Poisson regression

Hello everyone, this blog is about a regression technique called Poisson regression. Poisson regression is used to model count variables.

Let me explain about count data first..!! It is type of data in which observations can take only non-negative integer values and these integers arise from counting rather than ranking. Count variable is an individual piece of count data.

An example of where Poisson regression can be used will help you understand better; Poisson regression can be used to estimate number of people in line in front of you at the grocery store. Predictors may include the number of items currently offered at a special discounted price and whether a special event (e.g., a holiday, a big sporting event) is a few days away.

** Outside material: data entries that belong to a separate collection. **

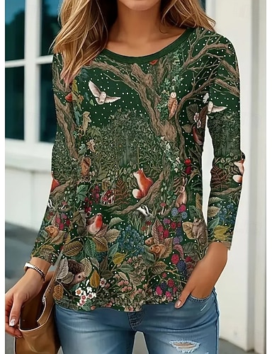 Жен. Футболка Цветочный принт Графика Растения Винтаж Стиль Классика Длинный рукав Вырез под горло Круглый вырез Обычные топы Повседневные С принтом Зеленый Весна Осень Зима
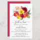 Elegant fall flower bouquet tops this pretty autumn fall in love bridal shower invitation. Burgundy red, blush pink, bright yellow and orange flowers are nestled in green foliage and leaves. The rustic arrangement pops against the white background. The simple text creates a modern design. This invitation is part of the Always Bridal Shower collection that contains the DIY templates you need to create a unique bridal shower invitation suite and bridal shower decor and supplies.
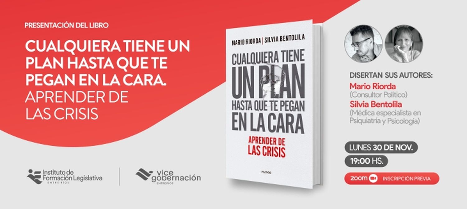 El Instituto de Formación Legislativa de la Vicegobernación de Entre Ríos invita a la presentación del libro “Cualquiera tiene un plan hasta que te pegan en la cara. Aprender de las crisis”, con la participación del consultor político Mario Riorda y la médica psiquiatra del equipo de Emergencia Sanitaria Silvia Bentolila, a desarrollarse el lunes 30 de noviembre a las 19. Se entregará constancia de participación a quien lo requiera.

Difference between a Poisson regression and a linear regression is that the linear regression assumes that true values of dependent variable are distributed normally around the expected value and can take any real, positive, negative or fractional value.

Whereas Poisson regression is used to model count of events and typical scenarios are no: of orders placed by a customer in a time frame or no: of visits to the website by an individual user.

Now let’s discuss how to create a Poisson regression model using R.

I will use the data on the distribution of 3605 individual trees of Beilschmiedia pendula(a tree species) in 500 x 1000 m forest plot in Panama. The dataset is freely available as a part of the R’s spatstat library.

Step 1:  loading the data and plotting it for better understanding.

install.packages(“spatstat”)

library(spatstat)

library(raster)

library(sp)

plot(bei$x, bei$y, pch = 19, cex = 0.5, main = “Spatial distribution of individuals in the 50-ha Barro Colorado plot”,

xlab = “x coordinate [m]”, ylab = “y coordinate [m]”, frame = FALSE)

abline(h = 0, col = “black”)

abline(h = 500, col = “black”)

abline(v = 0, col = “black”)

abline(v = 1000, col = “black”)

The dataset comes with two environmental layers elevation, slope. My goal is to model density of tree individuals as a function of elevation. I am interested in predicting density of the trees i.e. number n of individuals per unit area. Hence, I will resample the data into a grid of 50 x 50 m:

elev <- raster(bei.extra[[1]])  #coarsening the predictor data into the 50*50 grid by taking mean of   the 5*5m grid cells

ext <- extent(2.5, 1002.5, 2.5, 1002.5) # cropping the data so that they have exactly 500 x 1000 cells

elev <- crop(elev, ext)

elev50 <- aggregate(elev, fact = 10, fun = mean) # aggregating the elevation data

xy <- data.frame(x = bei$x, y = bei$y) # fitting the point data into the 50 x 50 m grid

n50 <- rasterize(xy, elev50, fun = “count”)

n50[is.na(n50)] <- 0        # replacing the NA values by 0

1.PNG

STEP 2: Initial data visualization.

plot(elev50[], n50[], cex = 1, pch = 19, col = “grey”, ylab = “# of Individuals”,

xlab = “Mean Elevation [m]”)

2.PNG

STEP 3:centering  and standardization

I find it necessary to center (to 0 mean) and standardize (to variance of 1) the variables. Hence,

scale2 <- function(x) {

sdx <- sqrt(var(x))

meanx <- mean(x)

return((x – meanx)/sdx)

}

elev50 <- scale2(elev50[])

pow.elev50 <- elev50^2

n50 <- n50[]

Step 4: Fitting the model using glm()

Fitting the model with the glm() function is easy. You just need to specify that the data is drawn from Poisson distribution and that is modeled in logarithmic space.

m.glm <- glm(n50 ~ elev50 + pow.elev50, family = “poisson”)

summary(m.glm)

3.PNG

Follow this link to understand the summary of m.glm.

Now, this helps me in creating a smooth prediction curve.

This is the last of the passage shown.